__REQUIRED WORK__.
The output is the lines below from the one with "適度な強さのパルスで真皮下層" through the one with "Esta presentación se", both included, printed exactly and with no other line.

__GIVEN DATA__.
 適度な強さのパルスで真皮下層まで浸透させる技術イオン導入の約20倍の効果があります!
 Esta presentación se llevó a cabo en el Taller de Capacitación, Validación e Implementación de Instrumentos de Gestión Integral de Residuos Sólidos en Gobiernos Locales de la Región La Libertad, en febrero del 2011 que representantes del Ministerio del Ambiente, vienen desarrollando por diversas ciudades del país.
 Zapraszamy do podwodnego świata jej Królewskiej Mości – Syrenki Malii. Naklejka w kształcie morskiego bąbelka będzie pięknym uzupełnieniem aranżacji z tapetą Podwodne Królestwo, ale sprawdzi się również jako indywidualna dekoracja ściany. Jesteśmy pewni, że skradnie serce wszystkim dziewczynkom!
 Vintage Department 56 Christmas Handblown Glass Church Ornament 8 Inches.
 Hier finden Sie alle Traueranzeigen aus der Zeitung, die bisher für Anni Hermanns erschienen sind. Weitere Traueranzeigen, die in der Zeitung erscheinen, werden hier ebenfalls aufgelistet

...

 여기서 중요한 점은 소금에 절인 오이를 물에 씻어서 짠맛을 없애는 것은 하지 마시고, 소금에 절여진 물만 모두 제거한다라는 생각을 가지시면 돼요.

==

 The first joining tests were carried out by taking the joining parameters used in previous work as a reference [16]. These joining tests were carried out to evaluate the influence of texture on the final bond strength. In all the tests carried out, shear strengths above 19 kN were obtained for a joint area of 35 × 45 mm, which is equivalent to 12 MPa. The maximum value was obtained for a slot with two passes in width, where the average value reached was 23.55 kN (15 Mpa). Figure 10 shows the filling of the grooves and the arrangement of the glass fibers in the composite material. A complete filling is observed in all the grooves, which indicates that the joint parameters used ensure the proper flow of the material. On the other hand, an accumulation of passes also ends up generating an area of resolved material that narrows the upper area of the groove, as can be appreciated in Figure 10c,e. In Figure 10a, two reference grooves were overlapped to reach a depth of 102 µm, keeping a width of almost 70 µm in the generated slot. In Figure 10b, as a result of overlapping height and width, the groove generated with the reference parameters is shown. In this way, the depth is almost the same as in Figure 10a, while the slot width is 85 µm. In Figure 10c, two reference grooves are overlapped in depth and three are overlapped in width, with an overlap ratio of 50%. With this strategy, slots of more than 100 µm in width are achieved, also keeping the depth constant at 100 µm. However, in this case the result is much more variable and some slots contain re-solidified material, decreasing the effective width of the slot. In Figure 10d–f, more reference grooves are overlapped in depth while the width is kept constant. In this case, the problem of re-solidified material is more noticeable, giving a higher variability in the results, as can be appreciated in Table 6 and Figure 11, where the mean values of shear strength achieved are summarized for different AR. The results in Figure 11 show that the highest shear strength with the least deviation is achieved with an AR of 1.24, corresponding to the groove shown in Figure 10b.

__ANSWER BELOW__.
 適度な強さのパルスで真皮下層まで浸透させる技術イオン導入の約20倍の効果があります!
 Esta presentación se llevó a cabo en el Taller de Capacitación, Validación e Implementación de Instrumentos de Gestión Integral de Residuos Sólidos en Gobiernos Locales de la Región La Libertad, en febrero del 2011 que representantes del Ministerio del Ambiente, vienen desarrollando por diversas ciudades del país.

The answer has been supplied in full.